====== Provided records

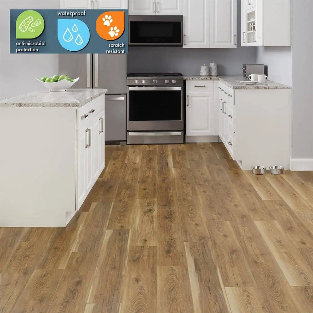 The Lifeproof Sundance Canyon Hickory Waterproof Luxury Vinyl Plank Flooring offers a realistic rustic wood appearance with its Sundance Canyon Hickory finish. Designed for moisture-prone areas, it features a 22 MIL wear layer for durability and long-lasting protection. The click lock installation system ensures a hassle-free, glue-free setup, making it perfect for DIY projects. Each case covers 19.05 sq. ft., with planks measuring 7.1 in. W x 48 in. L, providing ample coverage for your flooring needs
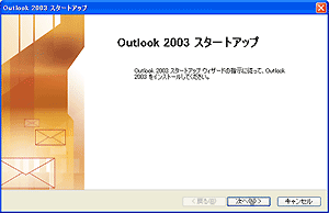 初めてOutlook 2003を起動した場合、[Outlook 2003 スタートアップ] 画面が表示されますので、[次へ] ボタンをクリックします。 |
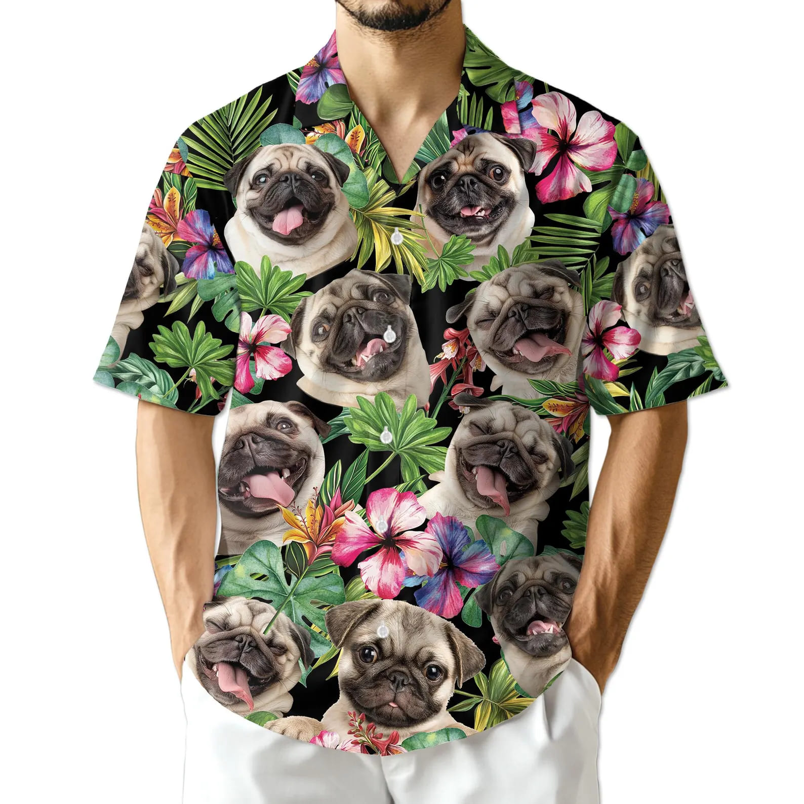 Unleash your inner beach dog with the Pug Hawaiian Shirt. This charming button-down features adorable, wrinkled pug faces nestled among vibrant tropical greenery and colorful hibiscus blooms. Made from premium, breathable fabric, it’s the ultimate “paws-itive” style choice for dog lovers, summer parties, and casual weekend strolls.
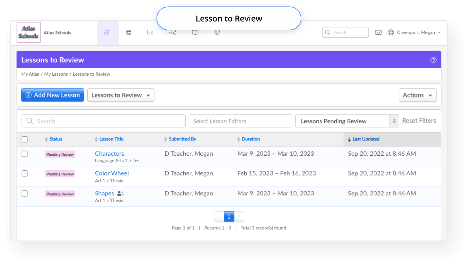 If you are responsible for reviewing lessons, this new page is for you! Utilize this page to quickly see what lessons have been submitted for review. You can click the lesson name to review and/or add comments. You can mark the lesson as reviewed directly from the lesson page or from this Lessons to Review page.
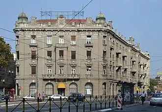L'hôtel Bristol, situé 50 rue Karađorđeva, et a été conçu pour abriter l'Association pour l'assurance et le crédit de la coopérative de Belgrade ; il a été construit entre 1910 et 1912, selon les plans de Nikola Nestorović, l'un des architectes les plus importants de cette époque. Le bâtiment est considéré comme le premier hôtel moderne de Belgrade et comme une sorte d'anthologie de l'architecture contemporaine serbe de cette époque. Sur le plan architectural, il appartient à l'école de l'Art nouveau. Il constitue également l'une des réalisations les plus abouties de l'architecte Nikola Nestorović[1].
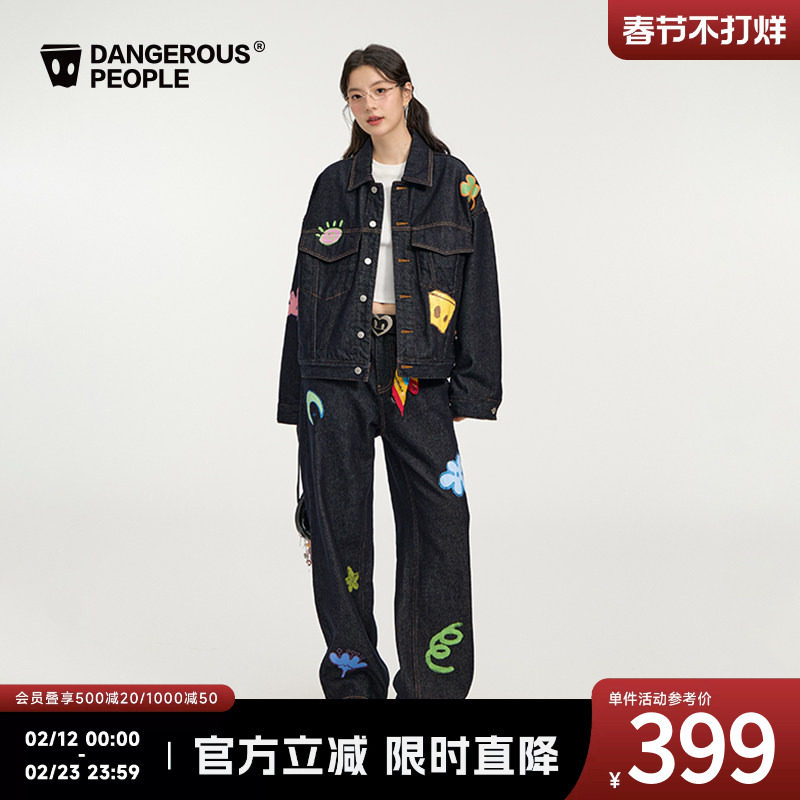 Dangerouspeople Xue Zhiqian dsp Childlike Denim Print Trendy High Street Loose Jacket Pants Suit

============

▶ [Exercise requirements]
Look above for the line with "If you are responsible" and the line with "L'hôtel Bristol, situé". Give again exactly those two lines and all lines between them, pictures excluded.

▶ [Exercise response]
 If you are responsible for reviewing lessons, this new page is for you! Utilize this page to quickly see what lessons have been submitted for review. You can click the lesson name to review and/or add comments. You can mark the lesson as reviewed directly from the lesson page or from this Lessons to Review page.
L'hôtel Bristol, situé 50 rue Karađorđeva, et a été conçu pour abriter l'Association pour l'assurance et le crédit de la coopérative de Belgrade ; il a été construit entre 1910 et 1912, selon les plans de Nikola Nestorović, l'un des architectes les plus importants de cette époque. Le bâtiment est considéré comme le premier hôtel moderne de Belgrade et comme une sorte d'anthologie de l'architecture contemporaine serbe de cette époque. Sur le plan architectural, il appartient à l'école de l'Art nouveau. Il constitue également l'une des réalisations les plus abouties de l'architecte Nikola Nestorović[1].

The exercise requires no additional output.